• **STORED DATA**:
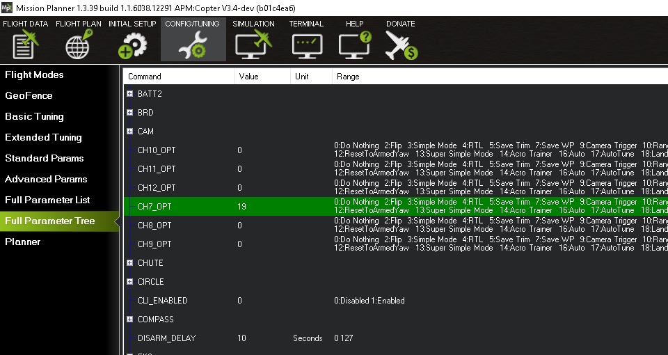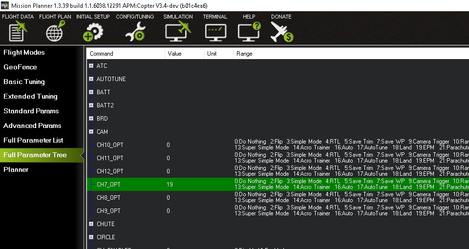3. Set CH7_OPT: Channel 7 option = 19 (EPM) (Channel 7 - 12 maybe used)
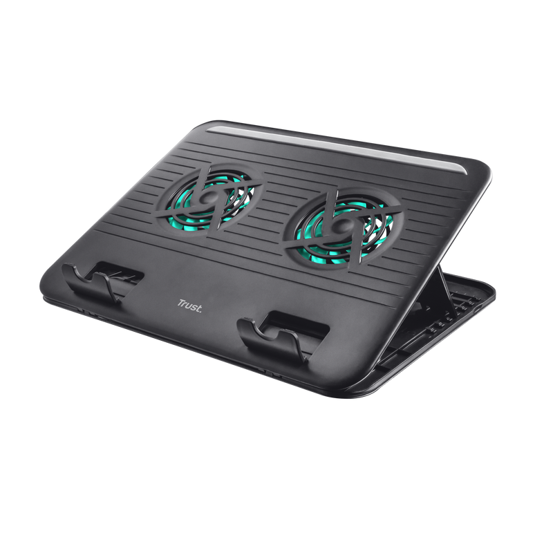 Notebook stand with 2 built-in silent cooling fans for a comfortable tilted typing position and protection against overheating
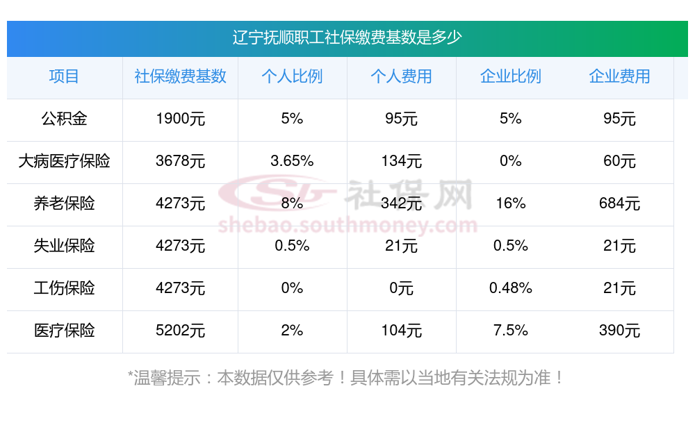 2025年辽宁抚顺社保缴费多少钱?下表是2024-2025年辽宁抚顺社保费用明细参考,新社通app-社保缴费查询工具提供的最新数据如下:
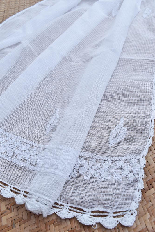 Handcrafted Kota Cotton Dupatta with Chikankari embroidery & crochet borders- base white color - Dyeable

• **PROBLEM TO WORK ON**:
Beginning with the line that bears "Notebook stand with", output each line through the last line of the listing exactly, and no others; skip the pictures.

• **RESPONSE TO THIS TASK**:
 Notebook stand with 2 built-in silent cooling fans for a comfortable tilted typing position and protection against overheating
 2025年辽宁抚顺社保缴费多少钱?下表是2024-2025年辽宁抚顺社保费用明细参考,新社通app-社保缴费查询工具提供的最新数据如下:
 Handcrafted Kota Cotton Dupatta with Chikankari embroidery & crochet borders- base white color - Dyeable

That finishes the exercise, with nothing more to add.